(Extracted data entries)
◆ ◆ ◆ ◆

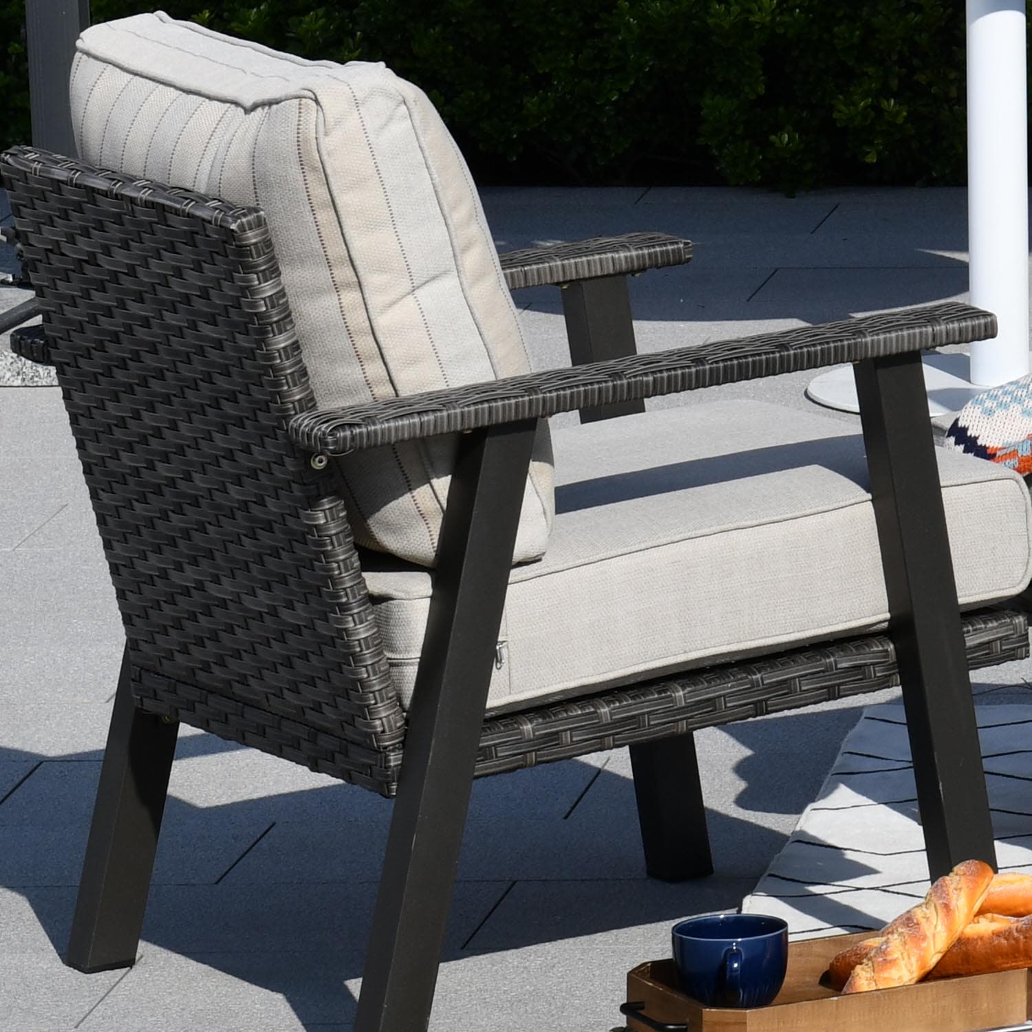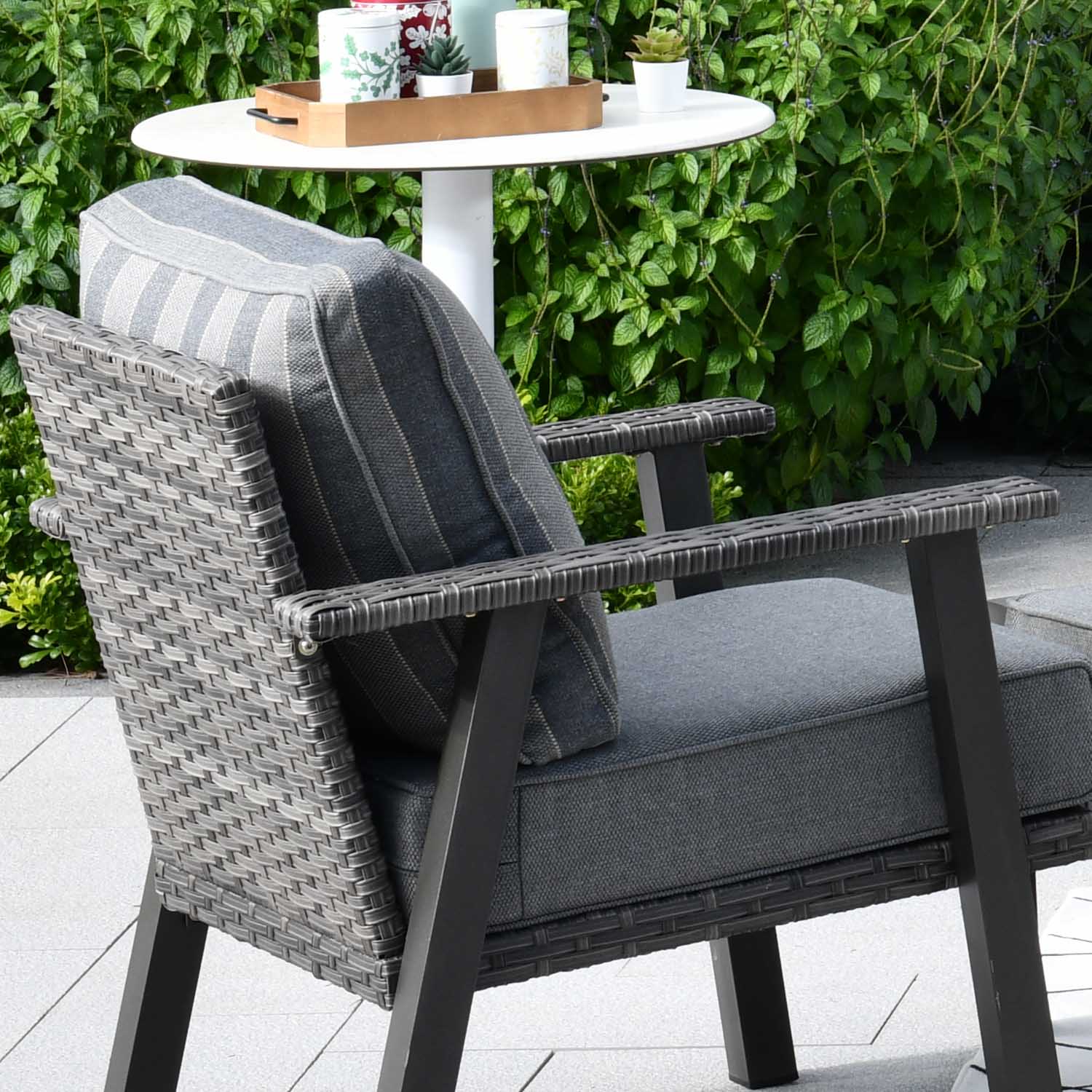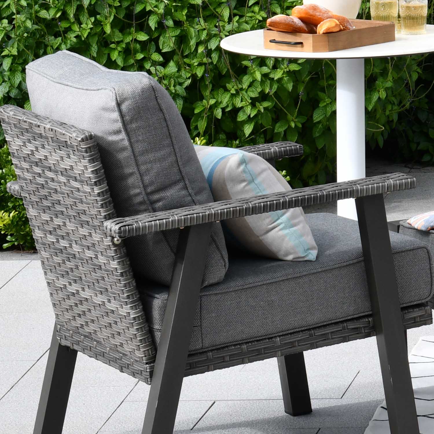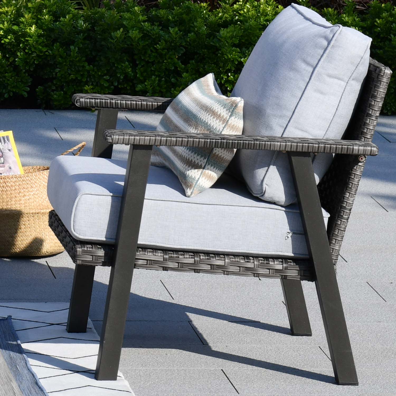 Grey Wicker Dark Grey Cushion
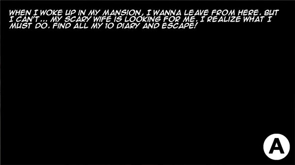2、剧情梗概:“当我在自己的豪宅里醒来时,我一心想离开这个地方。可我没办法脱身……我那令人害怕的妻子正在搜寻我,这时我终于明白自己必须要做的事——找到我那10本日记,然后逃出去!”点击A键继续。
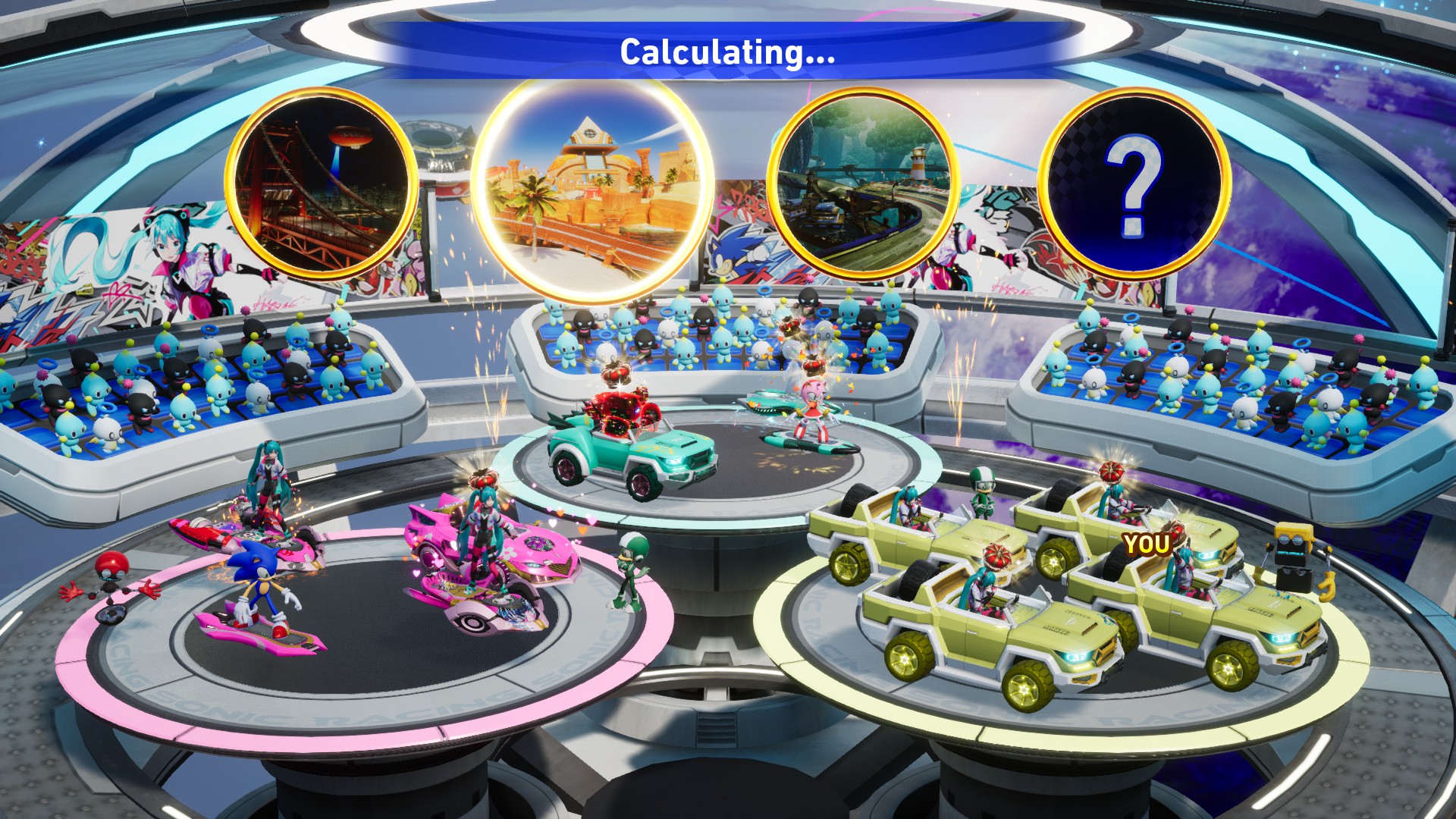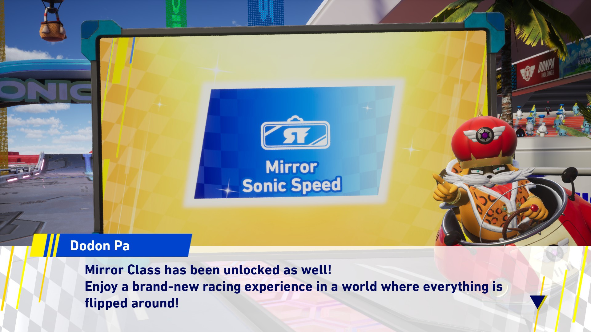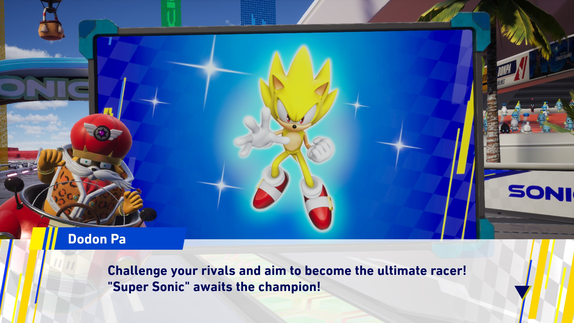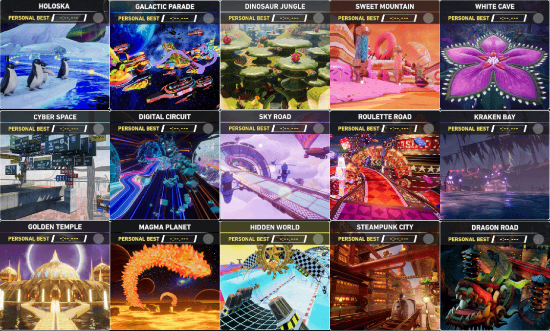 I was really happy to see the return of stages from previous Sonic games reimagined here, Radical Highway and Metal Harbor from Adventure 2, Sweet Mountain from Colors, the grand return of Apotos, Holoska, and Dragon Road from Unleashed, alongiside more deeper cuts such as Dinosaur Jungle and Kraken Bay from Secret Rings, White Cave from Riders, and even Hidden World from Lost World. There's even a whole "secret" cup dedicated to the 3 most recent Sonic titles, Using Kronos Island from Frontiers (Alongside a Cyber Space Crossworld), Northstar Islands from Superstars, and White Space from Shadow Generations. Oh, and Mystic Jungle from Forces is here, I guess.
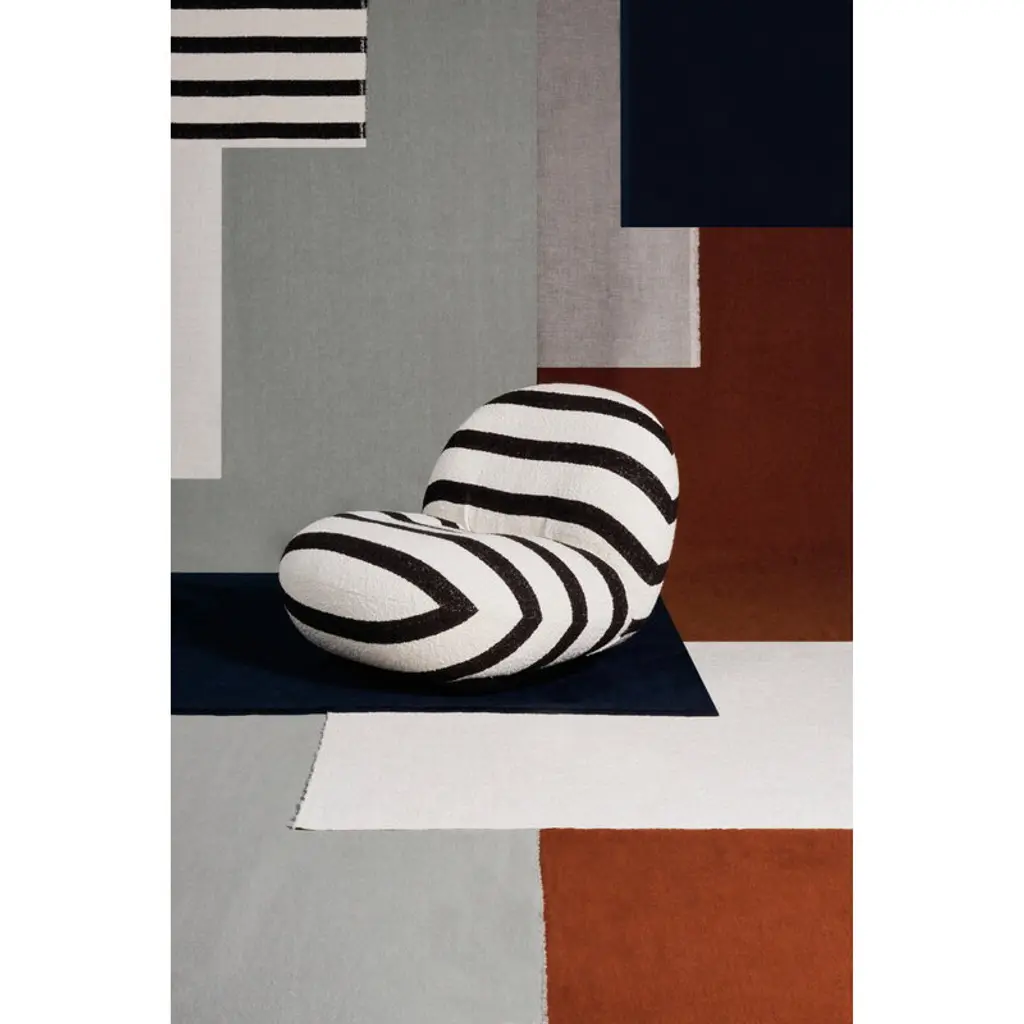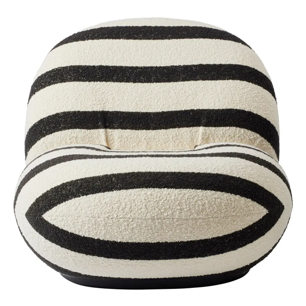 GUBI’s Pacha lounge chair, complete with a swivel base, is a delightful design classic by Pierre Paulin from 1975. Paulin was a pioneer in legless, low-level furniture – his aim was to bring people closer to the floor and utilize the floor surface in new, versatile ways. This chair features a swivel base complete with a return function that automatically turns the seat to its proper position. The generous, soft design of the lounge chair guarantees relaxed, comfortable seating, and the friendly, clean-lined silhouette suits many types of interiors. Besides being a fine example of the design of its own era, Pacha is also a timeless classic that has maintained its fresh character throughout the decades. The modern look is further enhanced by the stylish black and white upholstery.
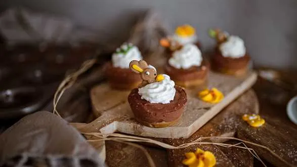 Ptysie z musem czekoladowo-piernikowym i sosem z gorących wiśni
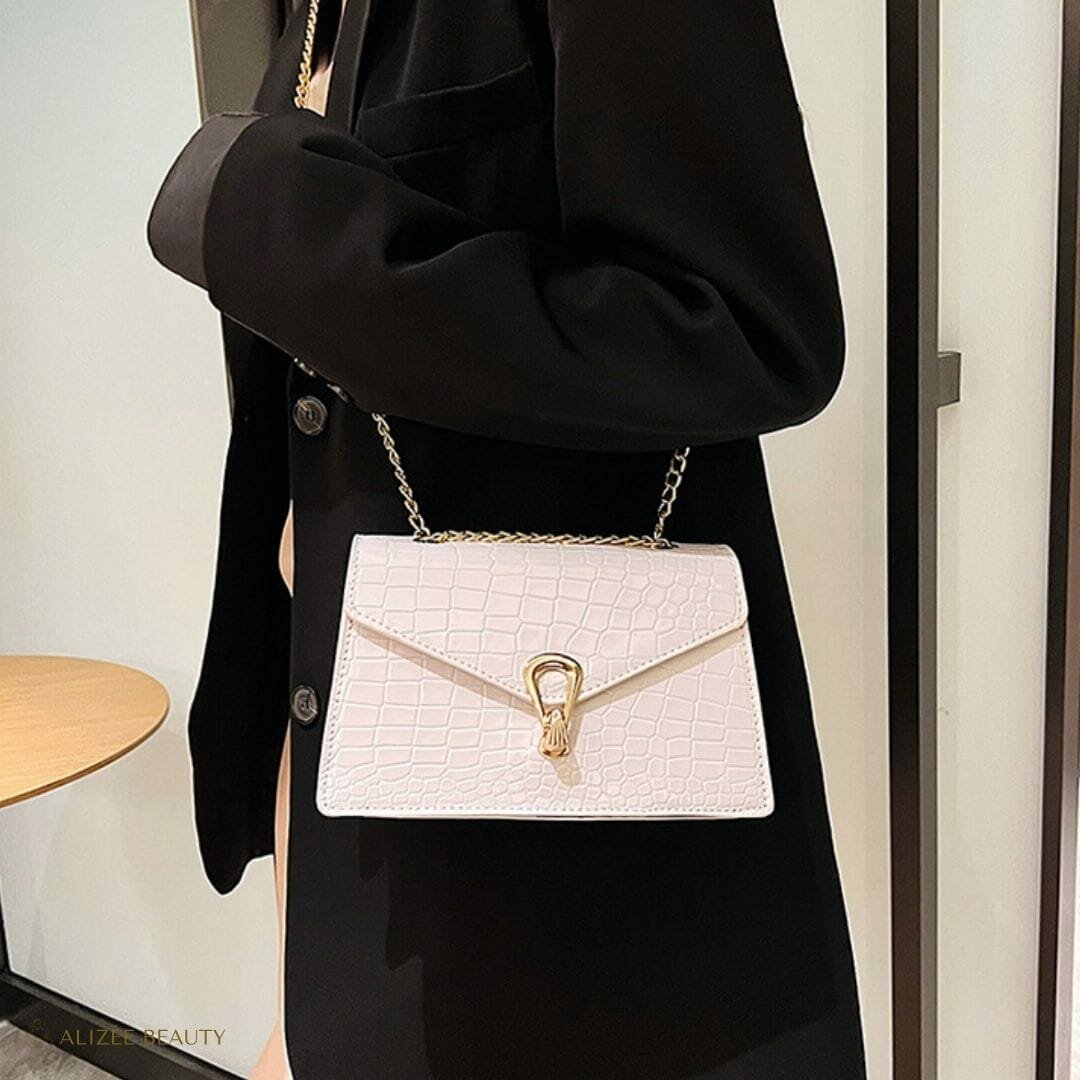 Ce sac à main blanc glamour avec motif crocodile et chaîne dorée est parfait pour un usage quotidien ou des occasions spéciales. Compact et chic avec fermeture sécurisée, il ajoute du style à toute tenue.

◆ ◆ ◆ ◆

**PROBLEM TO WORK ON:** A faithful copy of the records above, without images, is what to give back.

**EXERCISE SOLUTION:**
 Grey Wicker Dark Grey Cushion
2、剧情梗概:“当我在自己的豪宅里醒来时,我一心想离开这个地方。可我没办法脱身……我那令人害怕的妻子正在搜寻我,这时我终于明白自己必须要做的事——找到我那10本日记,然后逃出去!”点击A键继续。
 I was really happy to see the return of stages from previous Sonic games reimagined here, Radical Highway and Metal Harbor from Adventure 2, Sweet Mountain from Colors, the grand return of Apotos, Holoska, and Dragon Road from Unleashed, alongiside more deeper cuts such as Dinosaur Jungle and Kraken Bay from Secret Rings, White Cave from Riders, and even Hidden World from Lost World. There's even a whole "secret" cup dedicated to the 3 most recent Sonic titles, Using Kronos Island from Frontiers (Alongside a Cyber Space Crossworld), Northstar Islands from Superstars, and White Space from Shadow Generations. Oh, and Mystic Jungle from Forces is here, I guess.
 GUBI’s Pacha lounge chair, complete with a swivel base, is a delightful design classic by Pierre Paulin from 1975. Paulin was a pioneer in legless, low-level furniture – his aim was to bring people closer to the floor and utilize the floor surface in new, versatile ways. This chair features a swivel base complete with a return function that automatically turns the seat to its proper position. The generous, soft design of the lounge chair guarantees relaxed, comfortable seating, and the friendly, clean-lined silhouette suits many types of interiors. Besides being a fine example of the design of its own era, Pacha is also a timeless classic that has maintained its fresh character throughout the decades. The modern look is further enhanced by the stylish black and white upholstery.
 Ptysie z musem czekoladowo-piernikowym i sosem z gorących wiśni
 Ce sac à main blanc glamour avec motif crocodile et chaîne dorée est parfait pour un usage quotidien ou des occasions spéciales. Compact et chic avec fermeture sécurisée, il ajoute du style à toute tenue.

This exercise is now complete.